▶ **REQUIRED WORK**
Starting from the line that holds "Frittstående vedovn i", output exactly each line through the end of the listing. Do not copy pictures.

▶ **GIVEN MATERIAL**
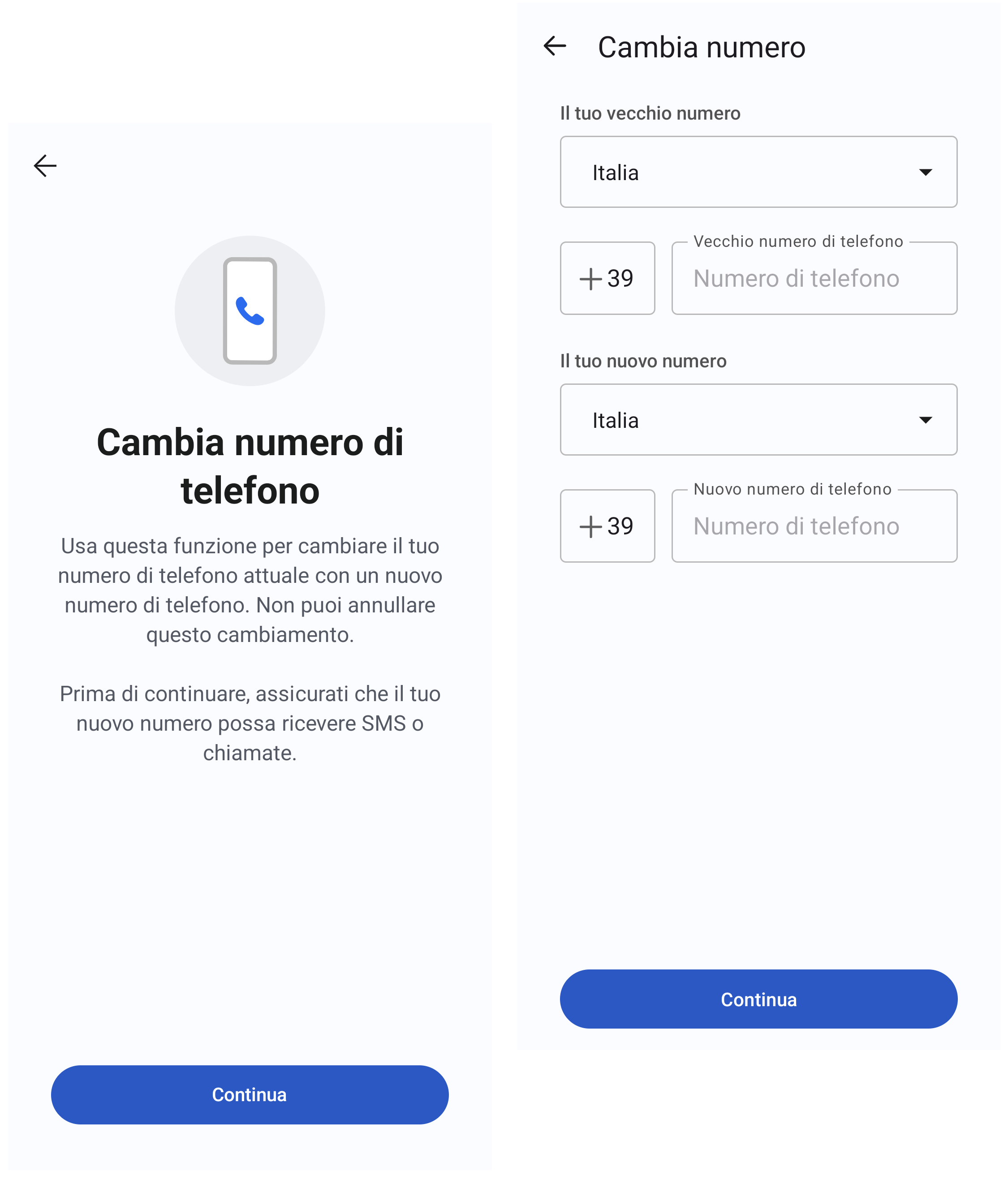 Se hai già un account Signal ma vuoi usare un numero di telefono diverso, puoi cambiarlo tramite Impostazioni di Signal > Account > Cambia numero di telefono.
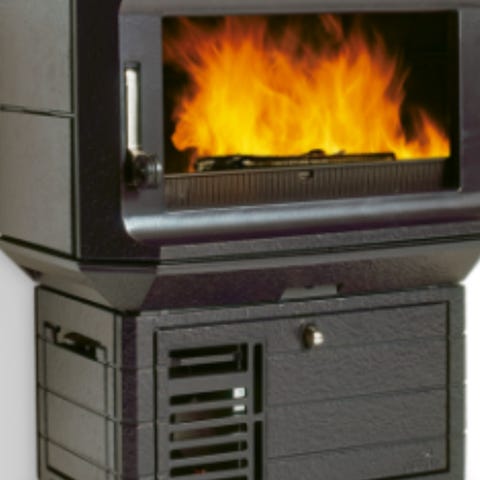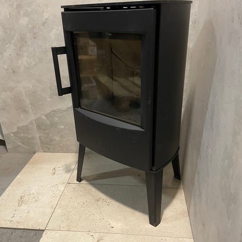 Frittstående vedovn i svart stål. Ovnen har rektangulær form med stor glassdør som gir innsyn til ildstedet. Brennkammeret er kledd med lys ildfast stein og har rist i bunnen. Under brennkammeret er det et lukket rom som kan brukes til oppbevaring av tilbehør. Røykrøret er toppmontert. Passer til oppvarming av oppholdsrom der det er tilkoblingsmulighet til pipe og egnet gulvplate under ovnen.
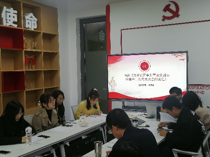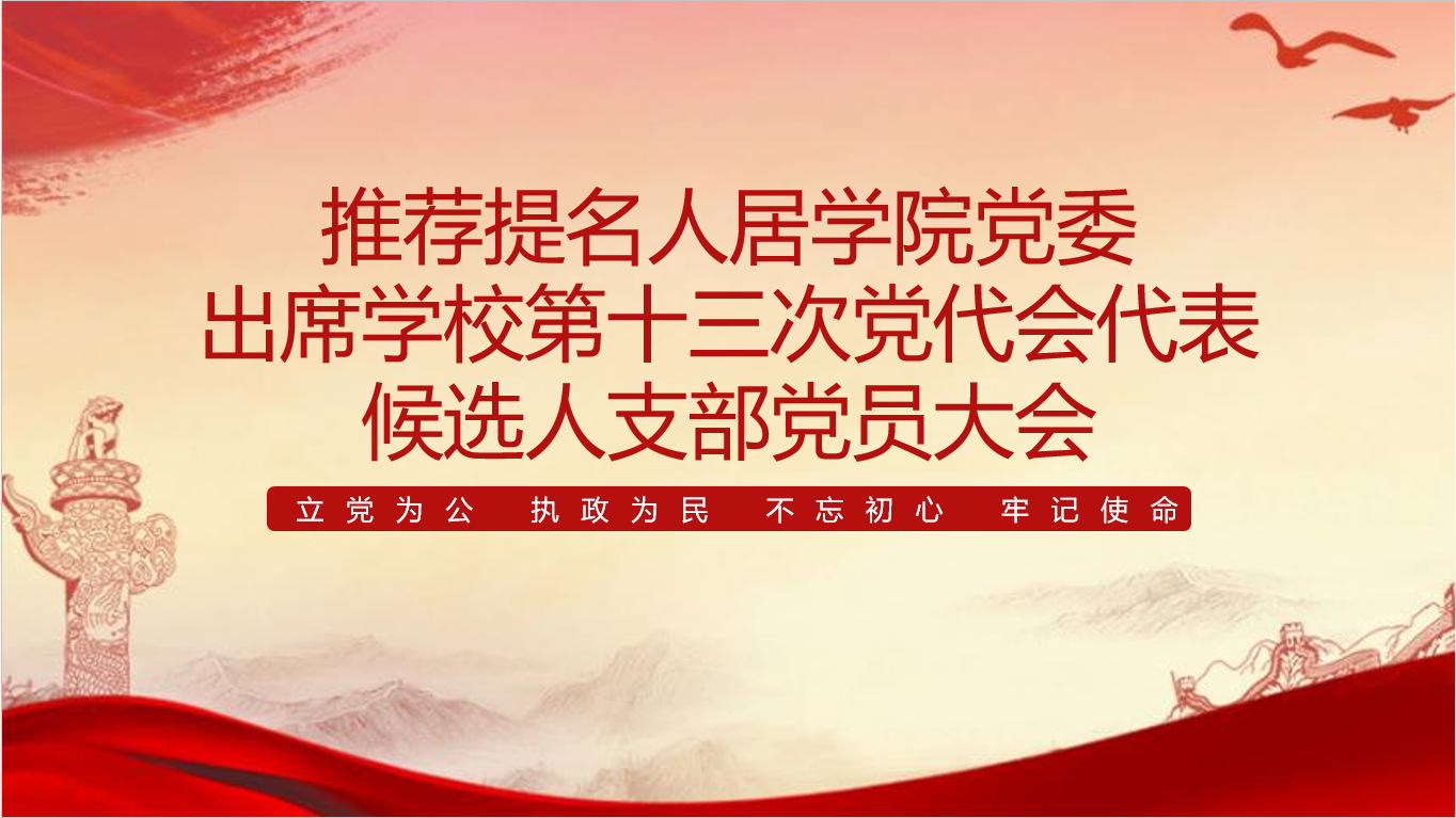 纪律委员卢泰儒同志汇报本次党员大会党员出席情况后,组织委员刘香君同志传达《关于召开中共西安交通大学第十三次代表大会的决定》文件精神,宣传委员闫洪祥同志宣读《关于做好中共西安交通大学第十三次代表大会代表选举工作的通知》,党支部副书记马若篮同志主持推荐出席学校第十三次党代会代表候选人。

▶ **RESPONSE AREA**
 Frittstående vedovn i svart stål. Ovnen har rektangulær form med stor glassdør som gir innsyn til ildstedet. Brennkammeret er kledd med lys ildfast stein og har rist i bunnen. Under brennkammeret er det et lukket rom som kan brukes til oppbevaring av tilbehør. Røykrøret er toppmontert. Passer til oppvarming av oppholdsrom der det er tilkoblingsmulighet til pipe og egnet gulvplate under ovnen.
 纪律委员卢泰儒同志汇报本次党员大会党员出席情况后,组织委员刘香君同志传达《关于召开中共西安交通大学第十三次代表大会的决定》文件精神,宣传委员闫洪祥同志宣读《关于做好中共西安交通大学第十三次代表大会代表选举工作的通知》,党支部副书记马若篮同志主持推荐出席学校第十三次党代会代表候选人。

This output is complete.